Why should the government confer special rights and responsibilities on people, on the basis of their sexual behaviour. The bedroom is the last place the government should be. Isn't that what gay rights campaigners have been demanding all along? But now suddenly they want Julia Gillard in the corner of the room cheering them along? This is the point that has been missing from the whole gay marriage issue. No I don't support government recognition of gay marriage. I also don't support government recognition of straight marriage. (And yes I am a married heterosexual.) Posted by Russell Edwards, Sunday, 12 September 2010 1:56:00 AM
| |
For crying out loud -
We live in a society where our marriages are registered by the federal government according to the Marriage Act if we want legal status for those marriages. De facto relationships do not have to be registered, though if they break down, parties have legal obligations to one another. The Marriage Act (since 2004) defines marriage as a union between a man and a woman. According to some of your arguments, this Act should not exist at all. Maybe you are right. But the reality is, it does. The Act's definition of marriage discriminates against same sex couples who wish to register their relationship with the federal government, because they can't. Why they wish to register is their own business. If you are a hetero who is against the concept of the state forcing you to register your marriage, then campaign against it, just like everybody else does when they are opposed to some perceived intrusion by the state. That is a whole other issue, and nothing to do with same sex couples who want to have what you regard as intrusive. The issue is discrimination against same sex couples, and why that discrimination exists. The question you need to ask yourselves is why is it so necessary for you to encourage and retain discriminatory practices such as this one against same sex couples? As for polygamous marriages - I have no strong feelings about them, one way or the other, and I don't think they are any business of the state. Like same sex marriage, they are unregisterable because they contravene the accepted social order and are considered to be "immoral" by the law makers. Arguments about what marriage is and isn't are furphys in this debate. We are talking about, as everybody knows, the right to register a relationship under the Marriage Act, a right that is denied to gays, and polygamous people, and extended only to hetero couples, many of whom, it would seem from these posts,don't want to have it anyway. Jennifer. Posted by briar rose, Sunday, 12 September 2010 7:00:11 AM
|
"The right to enter into legal marriage is granted to hetero couples by Federal government legislation. This is factually correct. Marriage is a legislated state."

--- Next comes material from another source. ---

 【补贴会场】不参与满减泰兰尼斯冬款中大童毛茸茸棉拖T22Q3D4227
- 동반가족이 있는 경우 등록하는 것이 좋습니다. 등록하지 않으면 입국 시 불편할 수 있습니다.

That is not correct. Marriage pre-dates both church and government. Legal marriage exists even without federal government legislation, because the common law recognised marriage for hundreds of years before the Marriage Act ever existed - and still does recognise it. Thus the right to enter into legal marriage is not "granted" to hetero couples by Federal government legislation, and such marriages are not a legislated state.
As I have already said and you have obviously not understood or ignored, the Marriage Act *registers* a pre-existing marriage which the state, by registering it, recognises for its own purposes, but does not bring into existence, and does not claim to bring into existence.

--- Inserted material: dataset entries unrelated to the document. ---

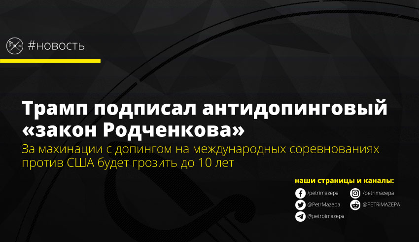 Президент США Дональд Трамп подписал антидопинговый закон, названный именем бывшего директора Московской антидопинговой лаборатории Григория Родченкова. Им предусматривается до десяти лет лишения свободы для тех, кто участвовал в допинговом сговоре на международных соревнованиях, где принимают участие спортсмены из США.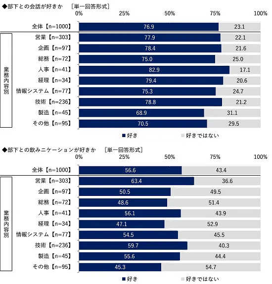 業務内容別にみると、部下との会話が好きという人の割合は、人事(82.9%)が最も高くなり、経理(79.4%)、技術(78.8%)が続きました。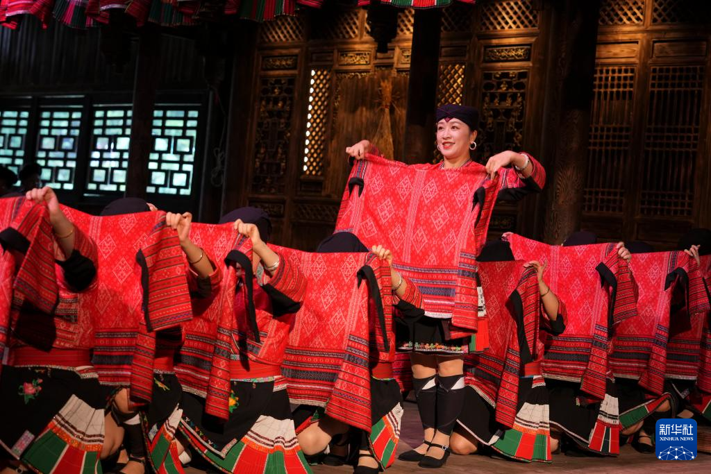 在黄洛瑶寨,村民潘凤飞在红瑶民俗文化表演中展示瑶族服饰(6月26日摄)。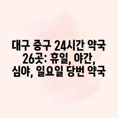 대구 중구 24시간 약국 찾기 휴일 야간 심야 일요일 당번약국 26곳 대구 중구에서 24시간 운영하는 약국을 찾는 것은 매우 중요한 일입니다. 특히 심야 시간이나 주말,… 더 보기 »대구 중구 24시간 약국 26곳: 휴일, 야간, 심야, 일요일 당번 약국

So you are factually wrong.
You are playing fast and loose with the concept of state and society. They are not the same thing. If it was true that gays want *social* recognition, they can get it in exactly the same way as heteros did before the Marriage Act.
But as it's *state* recognition they seek then don't try and deny that they are trying to blackguard everyone else into extending a vicarious recognition via the state whether they agree or not. And that is obviously exactly what the agenda of the gay marriage movement is, otherwise they would be satisifed with their *greater* factual marriage rights under the status quo.
If it's true that what really motivates you is concern for equal recognition of difference, then why do you not equally support polygamous marriage? And if it doesn't concern you, then why should gay marriage concern anyone else?